RIP Osama

Years ago a young boy woke up in the morning, only to have his parents tell him that the World Trade Center was forcibly demolished with the use of civilian aircraft. A large chunk of the Pentagon was also taken out in a kamikaze attack. In a very heroic and honourable attempt to stand up against their hijackers, passengers crashed a fourth plane into open land, killing earthworms instead of more people.

'Hi, I am the world's most wanted terrorist. Wait, I mean I was...'

On Labour Day, the young boy, now not so young anymore, received news that the mastermind behind the 9/11 attacks finally got screwed. Osama bin Laden, the main character in many unkind (but funny) jokes I've heard, was shot to death in an operation which involved more than 2 dozen people going after 1 man's head.

The world's most wanted terrorist's only possible escape was to grab his jetpack and fly into the distance. Unfortunately, he couldn't find it.

When the fourth plane killed its family, one single earthworm got so pissed...

'SO LONG SUCKER!!!!'

...it stole Osama's escape ticket. Osama didn't stand a chance against those elite Navy SEALS.

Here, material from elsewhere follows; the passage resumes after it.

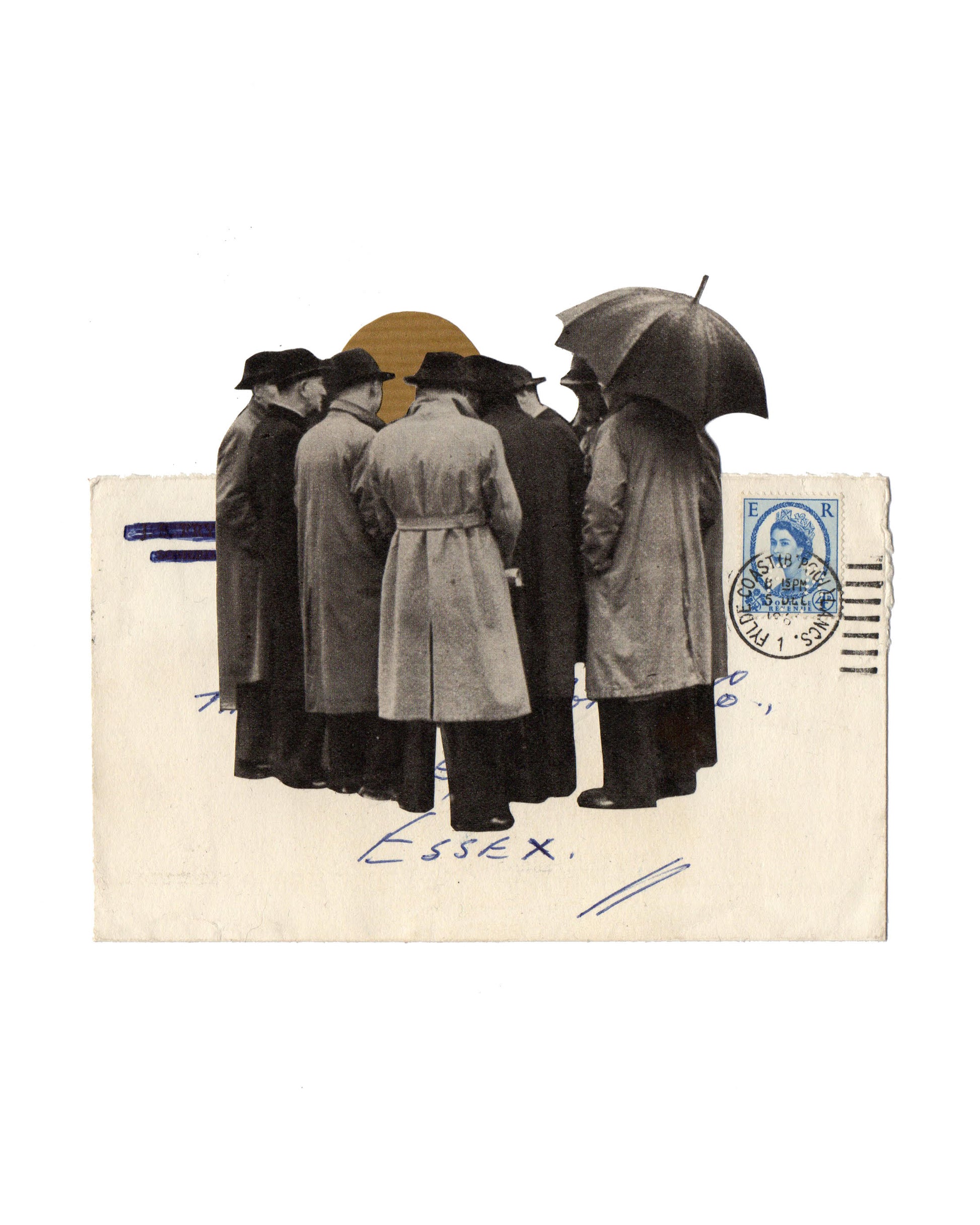 Collected imagery from books, vintage magazines and selected papers which were cut by hand and arranged in the studio on a vintage envelope before attaching the original collage to 240gsm fine art white card

So ends the story of one guy famous for all the wrong reasons. Of course, photos of his body will not be circulated after Mr President of the United States said no way. However, I'm sure many of you readers would just like to assume he's dead meat until and unless we see him taking his dog for a walk in the park. I agree with you guys.

'Bye folks! Miss me! And please ladies, no more pictures...'

He can only hope whatever he heard about the 72 virgins in heaven was correct.